Atropa is a genus of flowering plants in the nightshade family, Solanaceae: tall, calcicole, herbaceous perennials (rhizomatous hemicryptophytes), bearing large leaves and glossy berries particularly dangerous to children, due to their combination of an attractive, cherry-like appearance with a high toxicity. Atropa species favour temperate climates and alkaline soils, often growing in light shade in woodland environments associated with limestone hills and mountains. Their seeds can remain viable in the soil for long periods, germinating when the soil of sites in which plants once grew (but from which plants have long been absent) is disturbed by human activity or by natural causes, e.g. the windthrow of trees (a property shared by the seeds of other Solanaceae in tribe Hyoscyameae e.g. those of Hyoscyamus spp., the henbanes). The best-known member of the genus Atropa is deadly nightshade (A. belladonna) - the poisonous plant par excellence in the minds of many. The pharmacologically active ingredients of Atropa species include atropine, scopolamine, and hyoscyamine, all tropane alkaloids having anticholinergic, deliriant, antispasmodic and mydriatic properties. The genus is named for Άτροπος (Atropos) - lit. 'she who may not be turned (aside)' - one of the Three Fates and cutter of the thread of life / bringer of death - in reference to the extreme toxicity of A.belladonna and its fellow species - of which three others are currently accepted.

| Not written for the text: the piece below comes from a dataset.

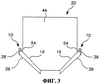 На фиг.3 показан вид спереди впитывающего элемента 20 одежды с парой изогнутых манжет 10 для ноги, соединенных с подложкой 40, в данном случае с наружным покрытием 44. Каждая из изогнутых манжет 10 для ноги может быть соединена с подложкой 40 либо в ходе выполнения последовательных операций, либо одновременно.
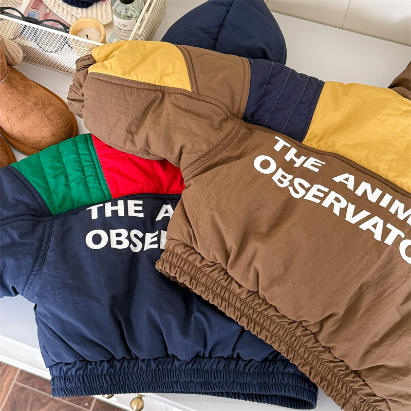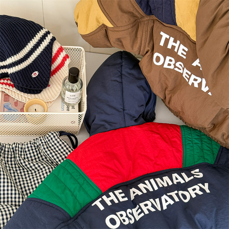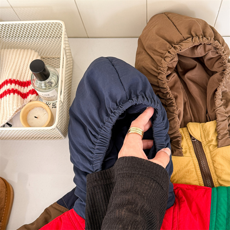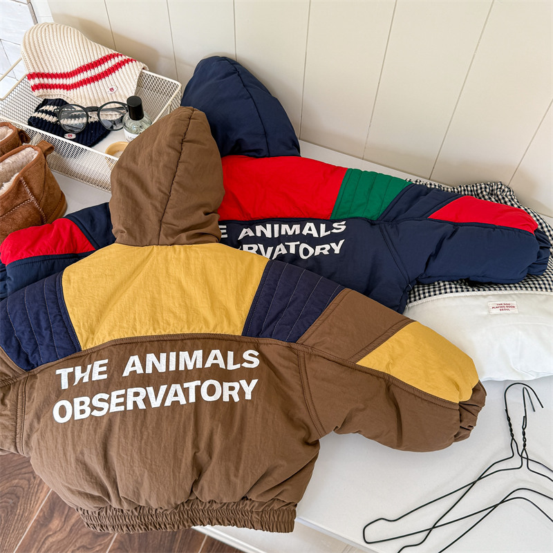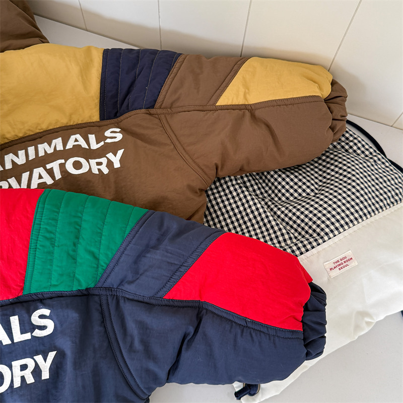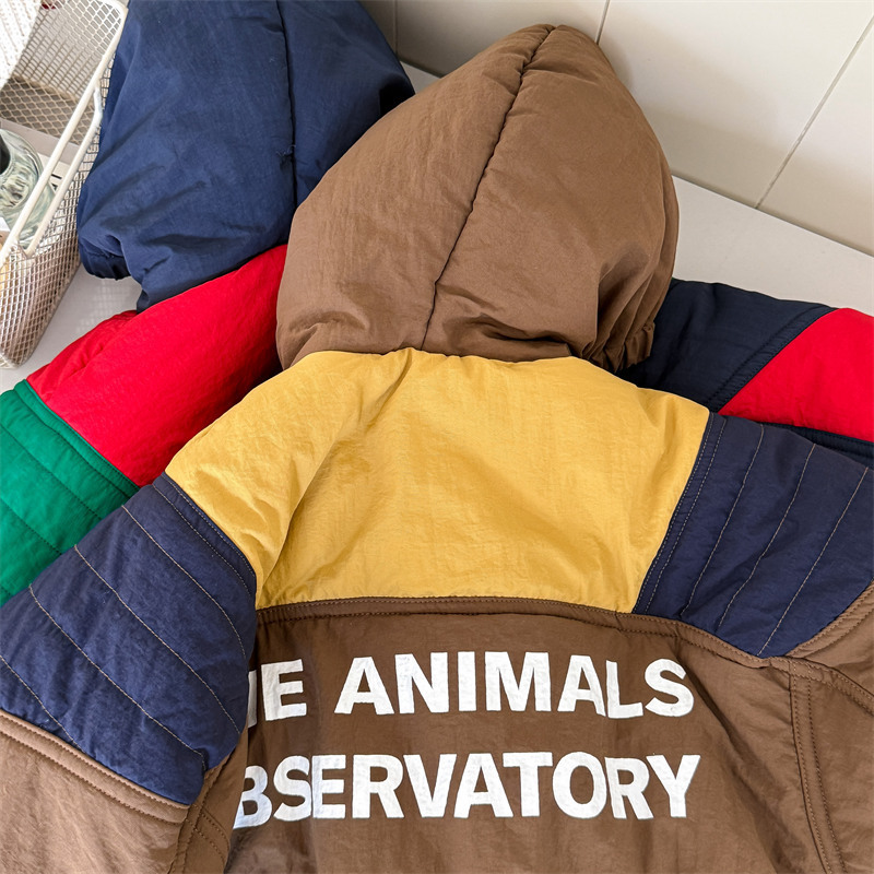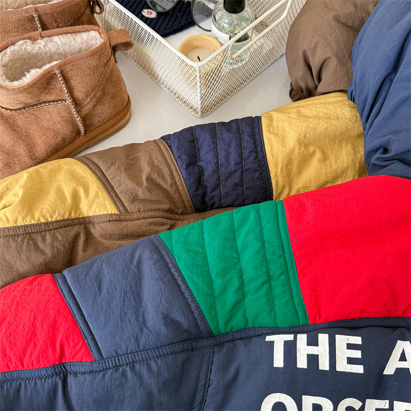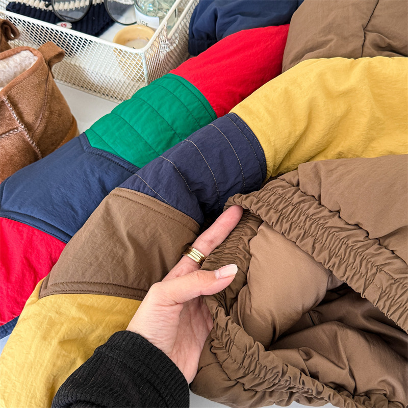 남학생과 여학생을위한 2024 년 겨울 어린이 다운 코튼 패딩 재킷 한국 컬러 매칭 후드면 패딩 따뜻한 재킷스토어 가기

In some older classifications, the mandrake (Mandragora officinarum) has been placed in the genus Atropa, under the binomial Atropa mandragora.

Species
 Atropa acuminata Royle ex Lindl. –  Indian belladonna/maitbrand (Kashmir and adjoining regions of India, Pakistan and Afghanistan, also N. Iran). Endangered. Accepted species.
 Atropa acuminata Royle ex Miers – (not an accepted species, though probably referable to the species above) is reported to occur not only in Kashmir, but also in Iran and Mongolia - which would make it the easternmost of the Atropa species, and possibly of disjunct distribution.
 Atropa baetica Willk. –  Andalusian belladonna / tabaco gordo / tabba (S. and S.E. Spain and W. North Africa). Endangered. Accepted species.
 Atropa belladonna L. – Belladonna/deadly nightshade (Europe, Western Asia and North Africa). A very variable species with a very extensive distribution, the which factors have contributed to the description of species not currently accepted. A.belladonna itself is an accepted species.
 Atropa belladonna ssp. caucasica (Kreyer)Avet. – Caucasian Belladonna ( Caucasus, Turkey, Iran, Balkans(?)).
 Atropa komarovii Blin.& Shalyt – Turkmenistan belladonna (Kopet Dag range dividing Iran from Turkmenistan and adjoining regions in N.E. (Caspian) Iran).
 Atropa pallidiflora Schönb.-Tem. – Hyrcanian belladonna (Caspian Hyrcanian mixed forests, notably those of Mazandaran Province, N. Iran, also Afghanistan). Accepted species.

The genus Atropa is currently under review, so changes in nomenclature are likely, once said review is complete. It will be seen from the above that there is an overlap in the respective distributions of A. acuminata, A. komarovii and A. pallidiflora in the lush Hyrcanian forests of Northern Iran, and it is possible that some or all of these species may yet be subsumed in the concept Atropa belladonna. A. belladonna itself (including its variety caucasica) is also present in the Hyrcanian forests and vol. 100 of Flora Iranica includes a useful key with which to distinguish the four species occurring in northern Iran. Data on A. pallidiflora and A. acuminata Royle ex Miers are neither abundant nor readily accessible on the Internet at present. The reported presence of an Atropa species in Mongolia is intriguing, given that country's relative remoteness from Kashmir and its (Kashmir's) well-attested population of Atropa acuminata Royle ex Lindl. The unequivocal presence of Atropa in the Eastern Himalaya would go at least some way to bridging the gap between Kashmiri and Mongolian populations of this genus. Some light might be cast upon this problem by the gaining of a better knowledge of the rare and poorly-known monotypic genus Pauia, found in Arunachal Pradesh and adjoining areas of Assam. The single species Pauia belladonna Deb and Dutta is described as bearing a marked similarity to Atropa acuminata Royle ex Lindl. and may yet prove to be referable to the genus Atropa, after all.